Your instructions:
Begin the copy at the line containing "Definisi Bhs Isyarat" in the data below and end it at the line containing "Vepřová směs se zeleninou, špagety", keeping each line exact and leaving out pictures.

Data shown:
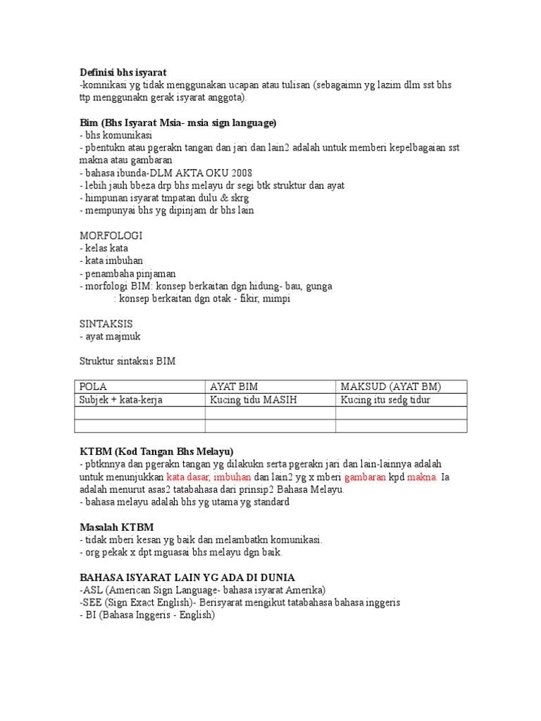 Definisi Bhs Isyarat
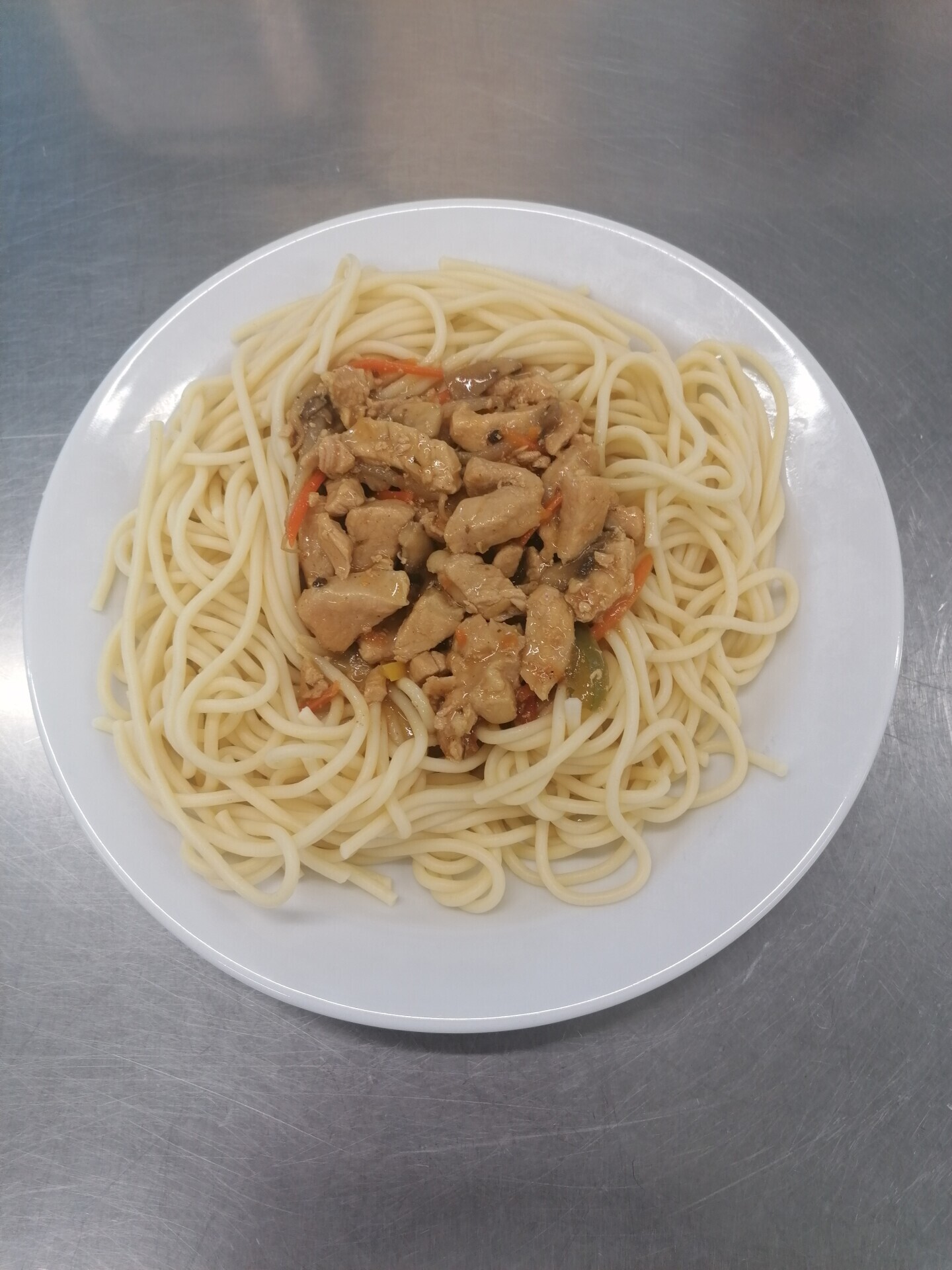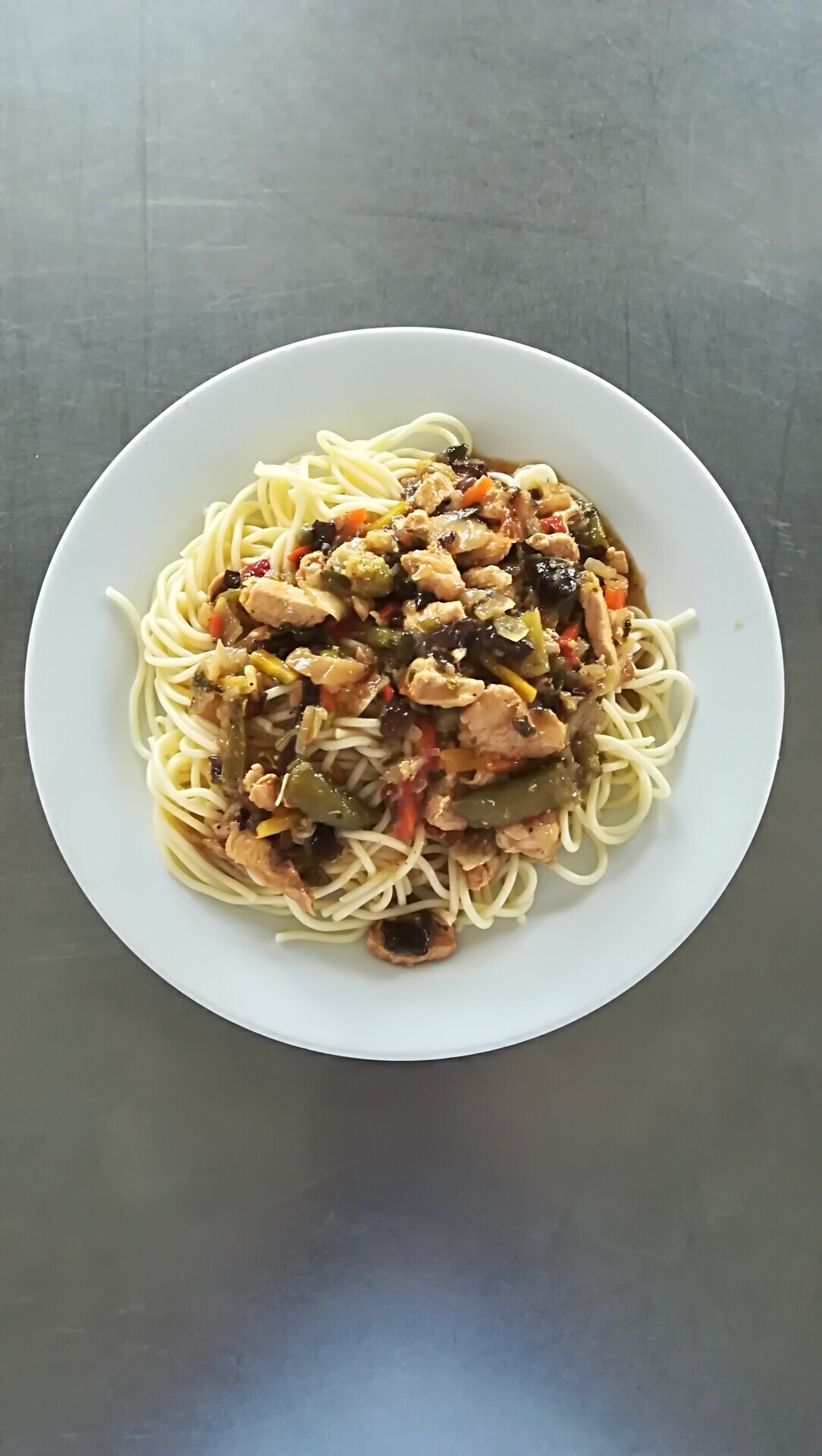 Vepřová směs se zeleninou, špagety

...

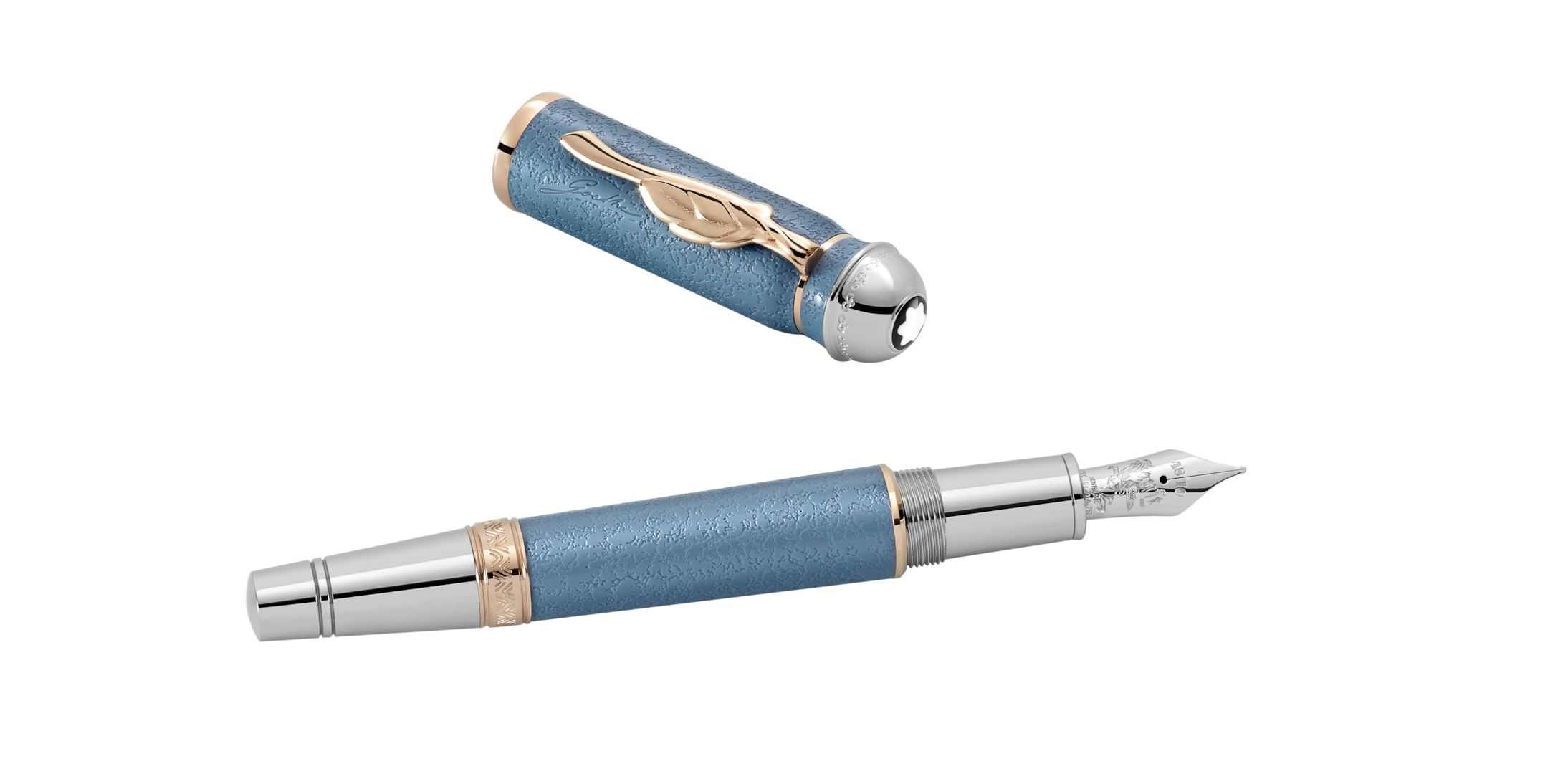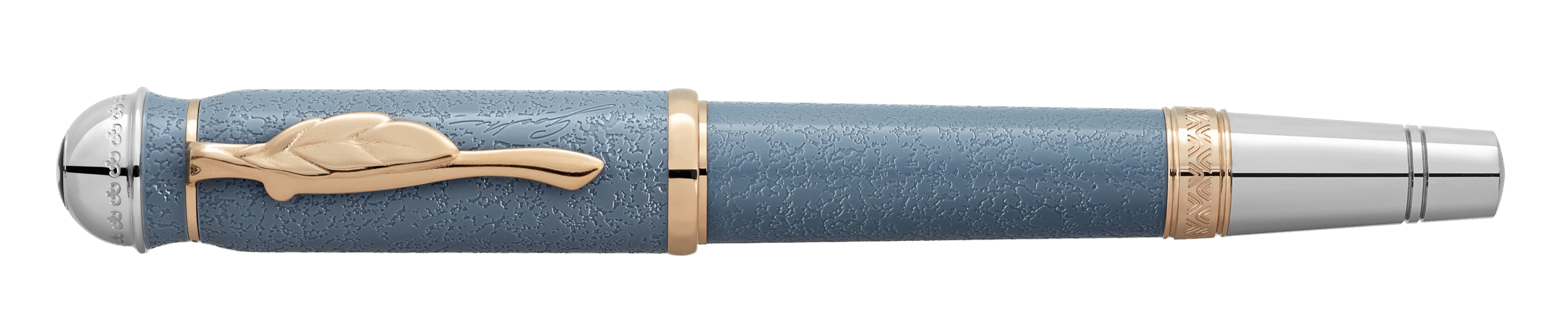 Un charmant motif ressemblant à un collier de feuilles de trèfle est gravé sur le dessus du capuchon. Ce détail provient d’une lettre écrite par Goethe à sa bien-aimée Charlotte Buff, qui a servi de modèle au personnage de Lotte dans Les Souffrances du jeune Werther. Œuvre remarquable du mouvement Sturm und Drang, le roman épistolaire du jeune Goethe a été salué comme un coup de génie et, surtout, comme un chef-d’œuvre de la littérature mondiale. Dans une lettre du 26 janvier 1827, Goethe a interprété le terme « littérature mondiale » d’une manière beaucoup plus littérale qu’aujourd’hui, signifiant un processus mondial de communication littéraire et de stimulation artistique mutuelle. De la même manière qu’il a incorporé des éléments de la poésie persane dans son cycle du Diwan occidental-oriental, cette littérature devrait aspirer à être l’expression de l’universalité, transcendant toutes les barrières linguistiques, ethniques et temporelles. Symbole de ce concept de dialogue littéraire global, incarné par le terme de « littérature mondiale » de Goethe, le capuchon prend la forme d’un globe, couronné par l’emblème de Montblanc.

Exercise answer:
 Definisi Bhs Isyarat
 Vepřová směs se zeleninou, špagety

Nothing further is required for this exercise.